- **WHAT NEEDS TO BE DONE**: Write out the listing exactly, from its first line through the line holding "C:\php\php.exe -v - Si", but include none of the pictures.

(Beginning of SUPPLIED INFORMATION)

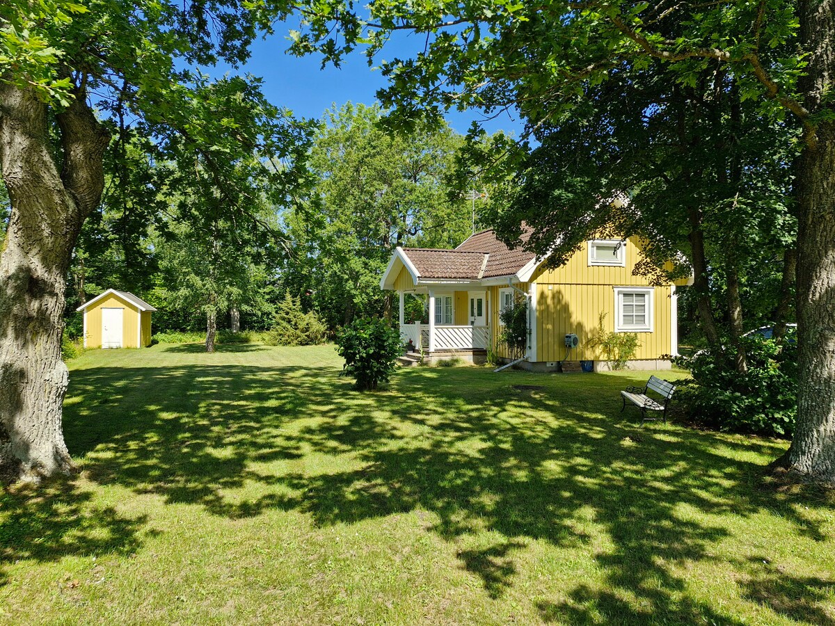 Simplifică lucrurile în acest loc retras, iubitor de natură și situat central. Deține un teren mare la 300 m de centrul orașului. O cabană de 20 mp și o cabană veche. Paturi confortabile, o canapea extensibilă pentru două persoane și un pat supraetajat. Toaletă exterioară cu spălare manuală. Duș în conformitate cu acordul într-o altă casă. Biciclete. Hamac. Hamac. Frigider. Aragaz. Cafetieră. Ventilator de masă. Radio. Apă într-o cutie. Spală vasele pentru tine gratuit. Așternuturi ȘI prosoape SEK 50 pp. Curățare 300 SEK. Pisică de exterior "de împrumutat.„ Păsări și căprioare, chiar și lilieci și bufnițe.
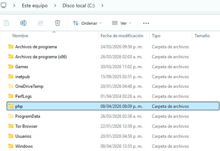 C:\php\php.exe -v - Si el sistema te responde con la versión de PHP, la validación ya está activa y funcionando.
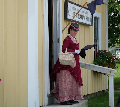 In addition to the historical buildings and activities there are special exhibits during the year. Currently there is an exhibit about sailors' tattoos and the tattoo artists and how the craft started. One of the most fun things at this exhibit was a special light that slowly "tattooed" an anchor on your arm as you watched. Computer generated with a buzzing sound in the background you watched as the anchor was inked onto this young lady's arm. Fun stuff!
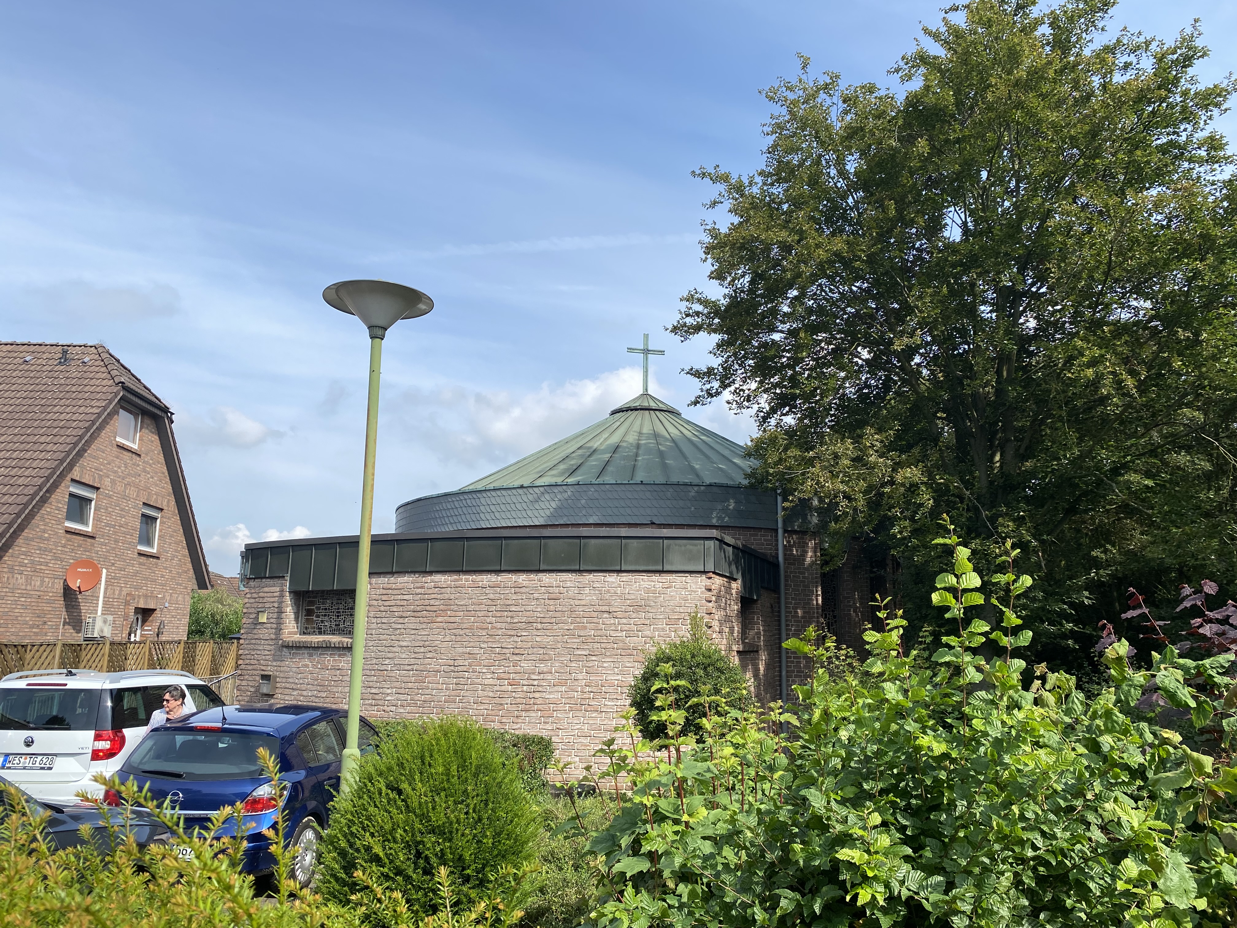 Das Kirchengebäude liegt in einem Wohngebiet auf einem Eckgrundstück der Straße Hövelmannskath 1. Es ist mit der Kirche in Dinslaken eins von zwei eigenen Kirchengebäuden der Apostolischen Gemeinschaft im ehemaligen Bezirk Wesel.

(End of SUPPLIED INFORMATION)

- **REPLY**:
 Simplifică lucrurile în acest loc retras, iubitor de natură și situat central. Deține un teren mare la 300 m de centrul orașului. O cabană de 20 mp și o cabană veche. Paturi confortabile, o canapea extensibilă pentru două persoane și un pat supraetajat. Toaletă exterioară cu spălare manuală. Duș în conformitate cu acordul într-o altă casă. Biciclete. Hamac. Hamac. Frigider. Aragaz. Cafetieră. Ventilator de masă. Radio. Apă într-o cutie. Spală vasele pentru tine gratuit. Așternuturi ȘI prosoape SEK 50 pp. Curățare 300 SEK. Pisică de exterior "de împrumutat.„ Păsări și căprioare, chiar și lilieci și bufnițe.
 C:\php\php.exe -v - Si el sistema te responde con la versión de PHP, la validación ya está activa y funcionando.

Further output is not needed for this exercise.